Reinventing Basic Education

Across the developing world literacy rates in many places still remain staggeringly low. The case for a technology-based solution is mounting.

B asic education can open up many different pathways, especially in less economically developed countries. Estimates show that for every additional year of education in low-income countries a person’s future income increases by an average of 10%. In fact, each additional year of maternal education helps reduce the child mortality rate by 2%. However, many of these countries still face the issue of providing effective education to all children. Recent figures suggest that around 67 million primary-school-age children are believed to be denied the right to education. So what are the problems and are there solutions that haven’t yet been tried?

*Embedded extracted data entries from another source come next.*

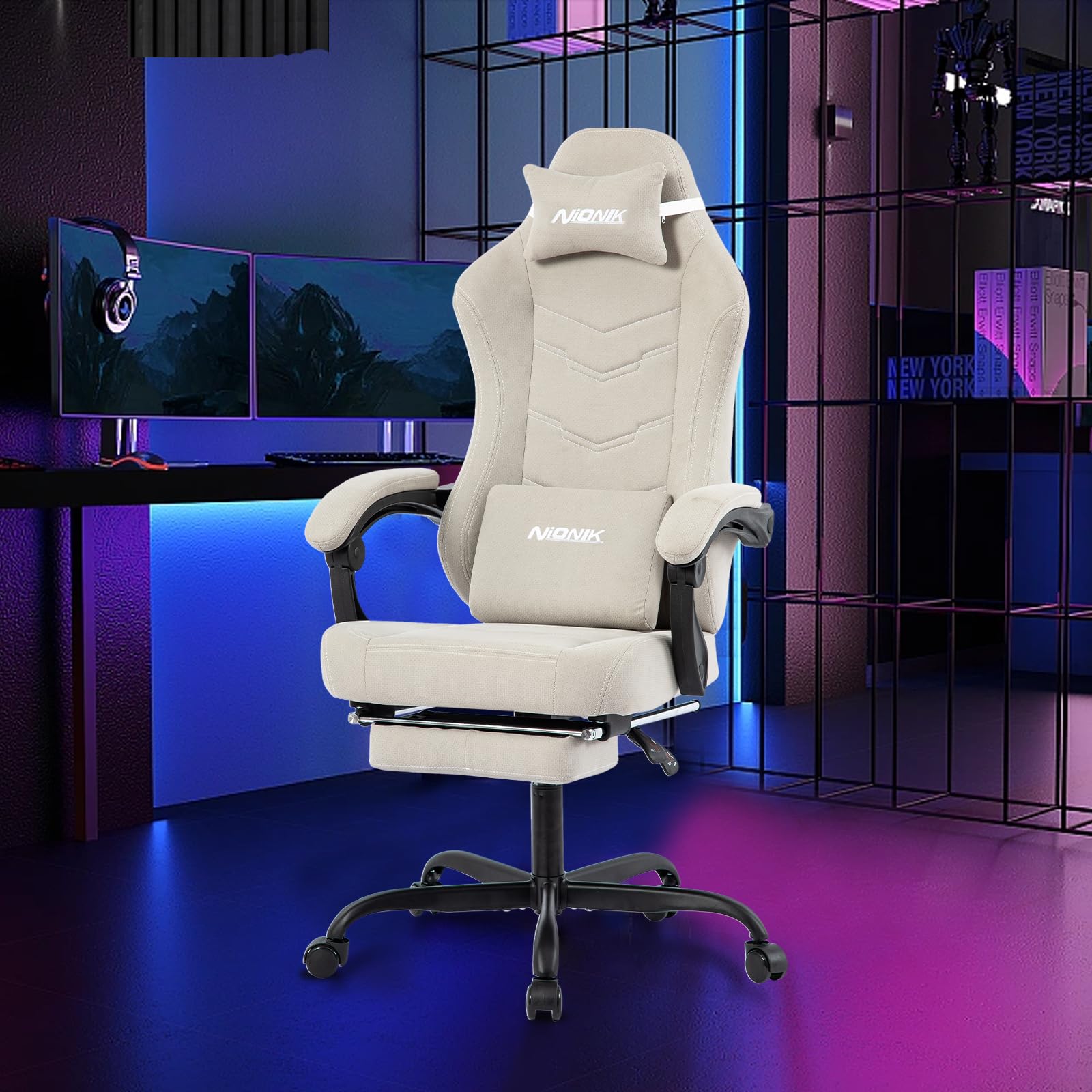 - Multi-Function Adjustable Gamer Chair This computer gaming chair comes with an adjustable reclining function that allows customers to lock in any reclining position from 90°-135°. In addition, footstool and seat height can be easily adjusted, removable neck pillow and massage waist pad. When you feel tired from sitting for a long time, you can adjust the position of the back and foot stool and lie on the gaming office chair to rest. Provide maximum relaxation for your body and legs.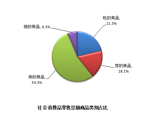 分商品类别看,1-11月吃、穿、用、烧的商品零售额分别为2292.37亿元、1945.32亿元、5853.51亿元和676.19亿元,分别增长9.1%、17.7%、4.7%和8.7%,分别占社会消费品零售总额的21.3%、18.1%、54.3%和6.3%。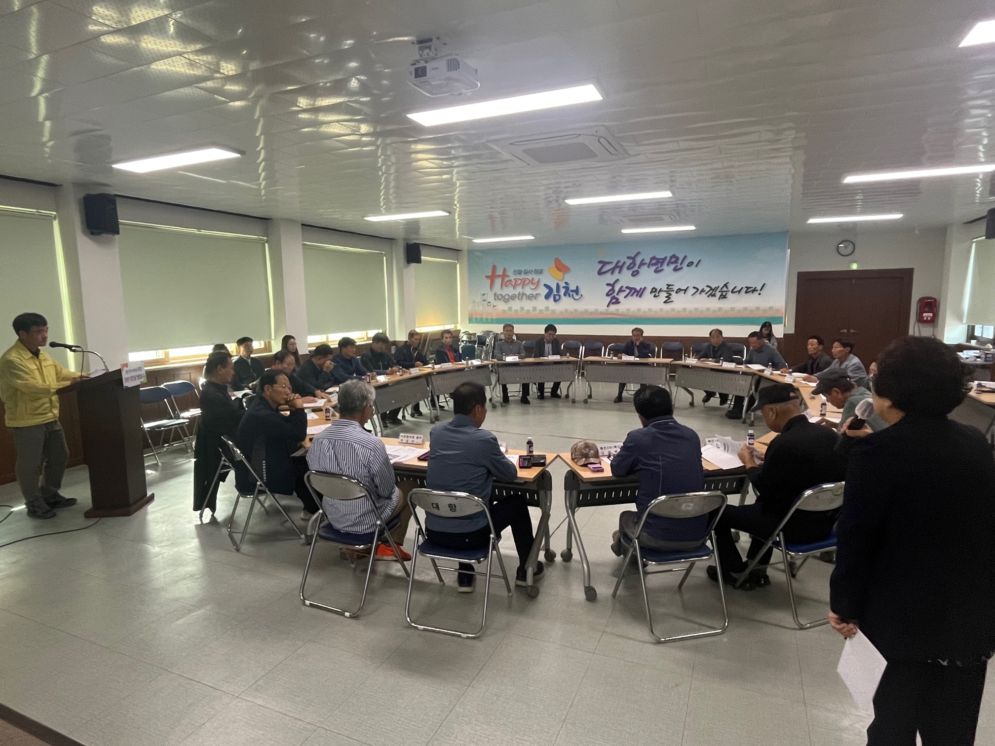 | 김천시 대항면 행정복지센터는 10월 6일 면 행정복지센터 2층 회의실에서 이장 24명과 기관장이 참석한 가운데 10월 정례 이장 회의를 개최했다.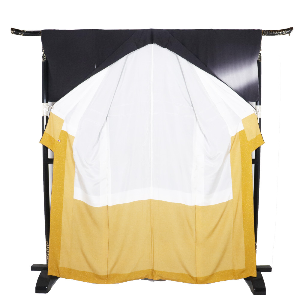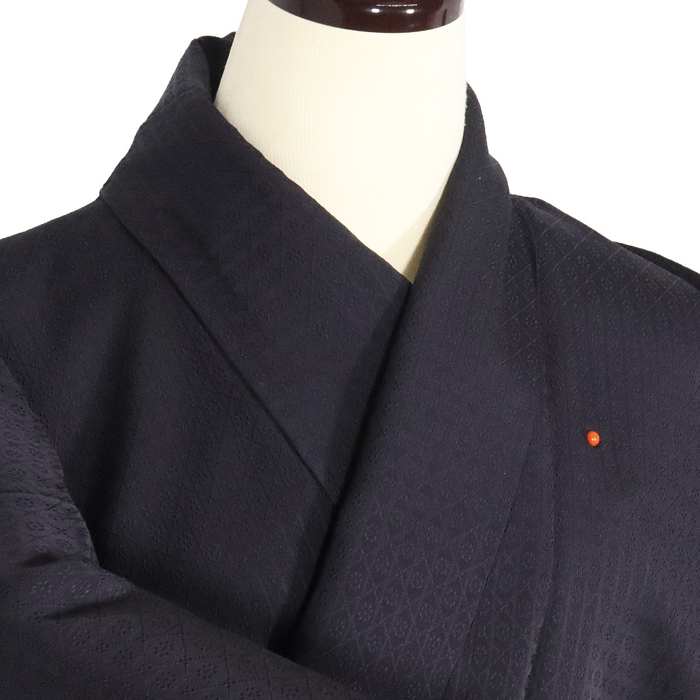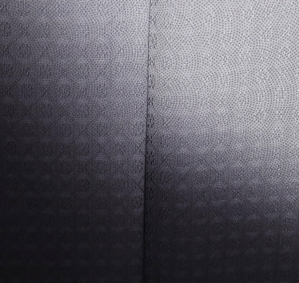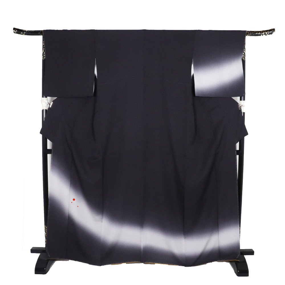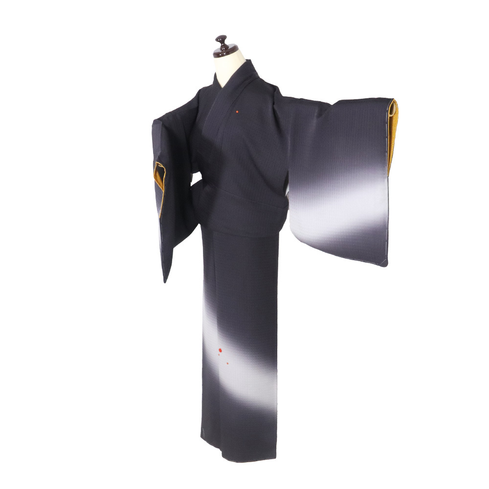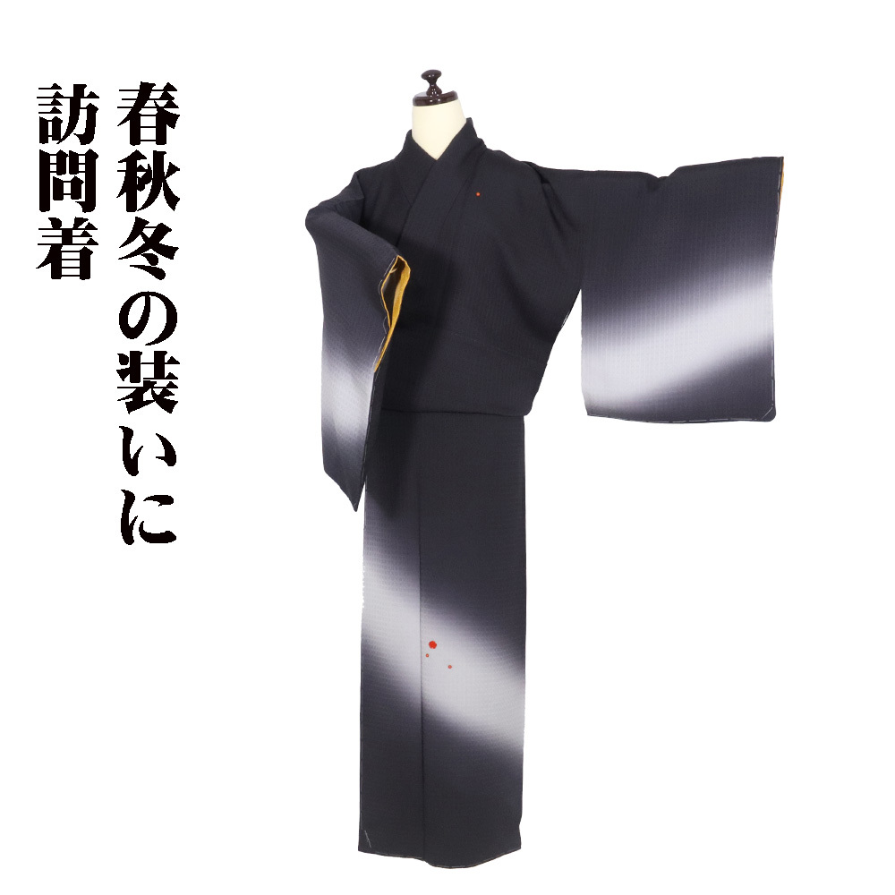 | 訪問着 袷 丹後縮緬地 黒(黒檀色)・ライトグレー(絹鼠色)暈し地 花織風地模様地 薔薇・ビーズ 174 広襟 15号 仕付け付き | |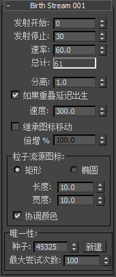 启用时,生成的粒子总数将与“总计”字段中显示的数值相同,但是一些粒子可能会在“发射停止”参数指示的帧后生成。禁用时,将在“发射停止”帧之前生成所有粒子,但是生成的粒子总数可能会与“总计”字段中的值有所不同。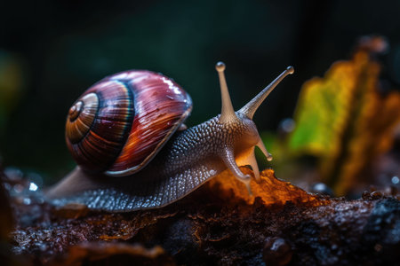 A close up of snail with shiny shell, showcasing its delicate features and texture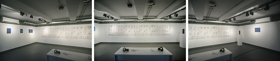 The book measures at: 330mm (H)*230mm(W)*65mm(D). Each print is 297mm (H)*210mm. In an exhibition, the work can be shown as a photo-audio installation, as seen above. The video here attempts to present the book as a film piece. With soundscape composed by Monty Adkins.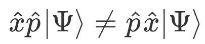 在量子力學中,進行測量是一件非常奇怪的事,它會使波函數坍縮。但是,更復雜的是對其進行兩次測量,因為這與測量順序有關。在經典力學中,如果我們要測量一顆球的位置和動量,無論先測量哪個屬性結果都是一樣的。但在量子力學中,因為我們對量子系統的測量會改變波函數,在這之后再進行測量實際上是在測量不同的波函數。所以,先測量電子的位置再測量動量,并不等于先測量動量再測量位置,我們把這寫作: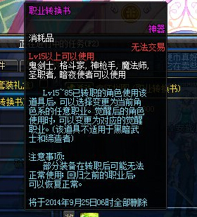职业转换书,Lv15-85可以使用,看上面的描述,女鬼剑士没有包含在里面~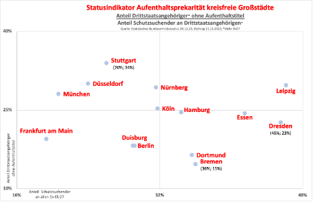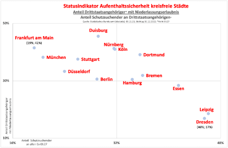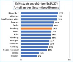 Ein Vergleich unter den 15 Großstädten über eine halbe Million Einwohnern bestätigt, dass die beiden ostdeutschen Großstädte Dresden und Leipzig über den niedrigsten Anteil an Drittstaatsangehörigen an der Gesamtbevölkerung wie auch über die geringste Quote an Drittstaatlern mit dauerhafter Integration verfügen.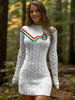 Női fehér magyarország kreatív nyomtatás hosszú ujjú ruha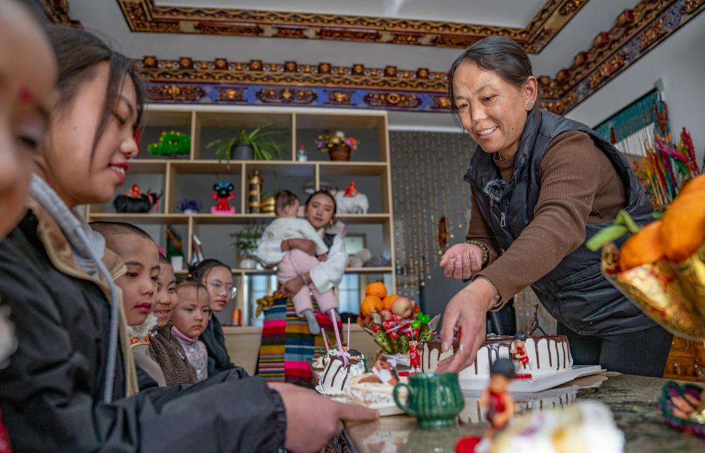 1月8日,愛心媽媽巴桑給孩子們分發(fā)蛋糕。新華社照片,拉薩,2024年1月9日 新華社發(fā)(丁增尼達(dá)攝)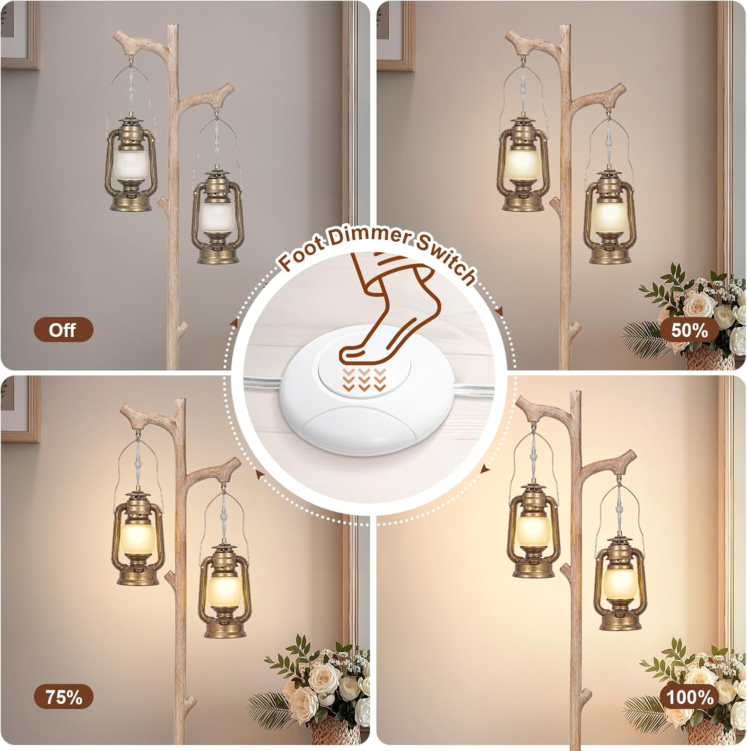 Scenekoy Vintage 68” Tall Floor Lamp with Lanterns, Retro Standing Lamp Tree Trunk Finish & Resin Body, Rustic Dimmable Corner Lamp Stand Up Light with Bulb Prefer for Living Room Bedroom Home Decor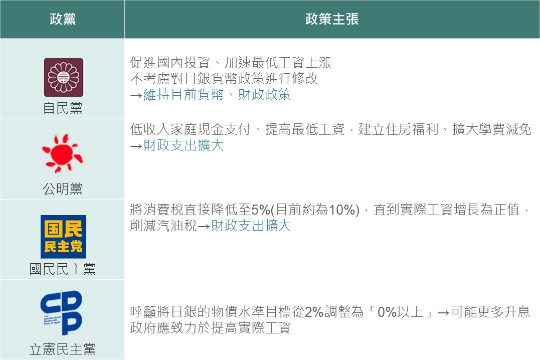 ▲ 日本主要政黨政策主張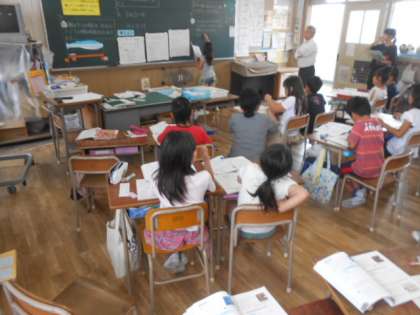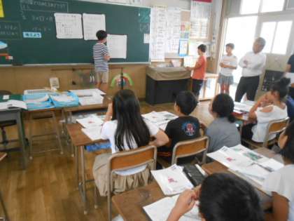 4年生が算数科で「わり算の筆算」を学習しています。2〜3ケタ÷1ケタの筆算のしかたを学習し、14日の5時間目は、倍を求めるわり算について学習しました。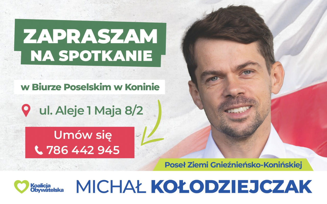 Poseł Michał Kołodziejczak zaprasza na spotkanie w biurze poselskim w Koninie.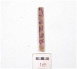 | Description / विवरण | Fragment of a backed blade, made on chert, broken along both the ends, backing on one latreral side, double ridge on dorsal side and use-wear marks along the cutting edge. |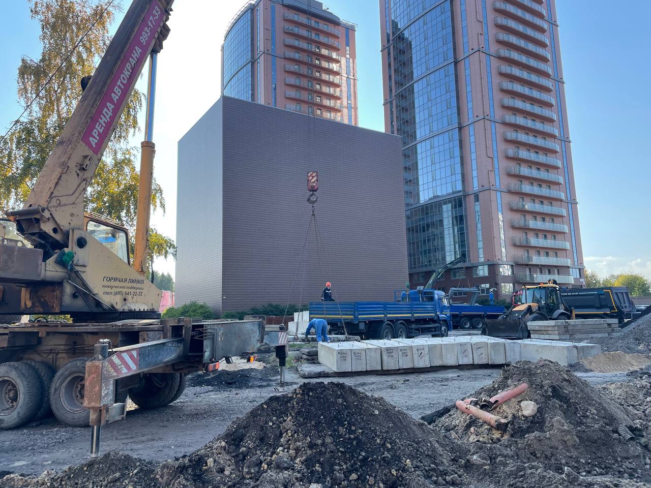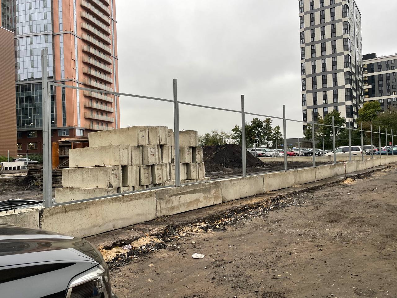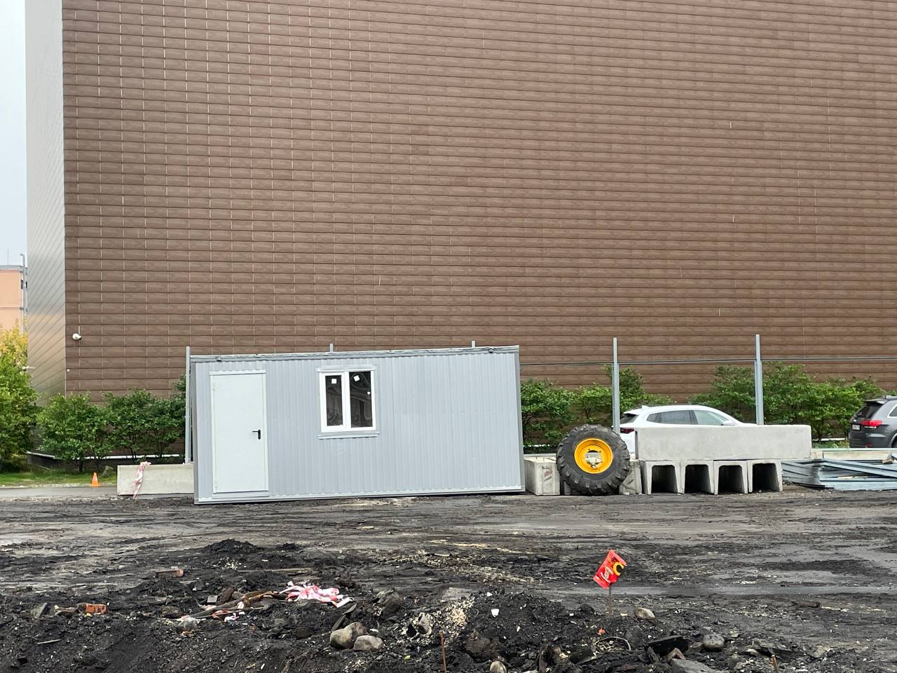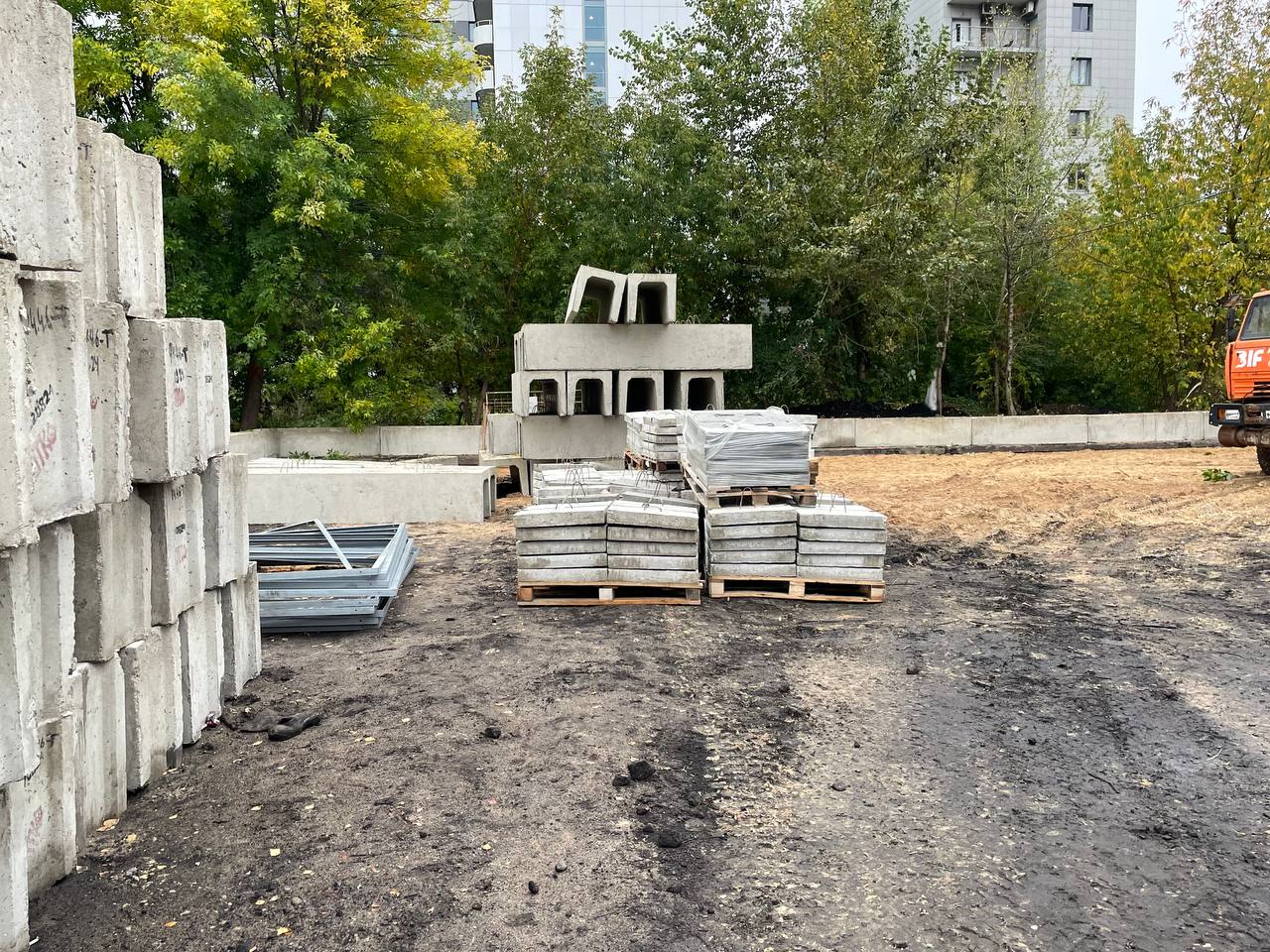Также продолжается устройство площадки. Довозят бетонные блоки ограждения и само ограждение. Сегодня завезли вагончик-КПП.

The main problem is that these countries don’t have the spending budget, resources and government control to improve the situation – instead, they have other more pressing priorities which need to be tackled first. Foreign aid, once championed by many as a viable development strategy, often misses the mark. The UK recently gave 98 million pounds in aid to India – much of which was used to construct the world’s largest statue. Thus, foreign aid may not always have an effective impact. Additionally, investment in the training of teachers may not be feasible or effective as it requires long-term implementation which is beyond the time-horizon of many elected governments.

But perhaps the problem lies in the way that education is delivered. In the past 150 years, the way in which teachers teach and learners learn has remained fundamentally unchanged – regardless of the nation in question. Perhaps developing countries can shorten the learning curve on education in the same way that they did for economic development more generally. As is often the case, technology may be the answer.

One place where technology, development and education collide is in Kenya. In the spirit of innovation, the Kenyan government has adopted a new educational technology called ‘Tuscome’ which is heavily backed by the United States Agency for International Development (USAID) with a $72 million investment. The curriculum is based on ‘Synthetic Phonics’, very similar to the approach developed countries use, and more than 25 million books have been made available to children. The most unique part of the technology is that it provides teachers with in-depth ‘teaching plans’, dampening the need for the government to devote resources towards teacher training.

The results of the trial have been motivational. ‘Tuscome’ has reached more than 3.5 million students in 35,000 schools and the technology has been effective. ‘The proportion of grade 2 students that could read 30 words per minute increased from a third to two thirds.’ The Kenyan government believes that this revolutionary technology needs to be made more available to more children all over the world; if it’s not ‘Tuscome’, it should be an alternative – one that meets the needs for the geographical location.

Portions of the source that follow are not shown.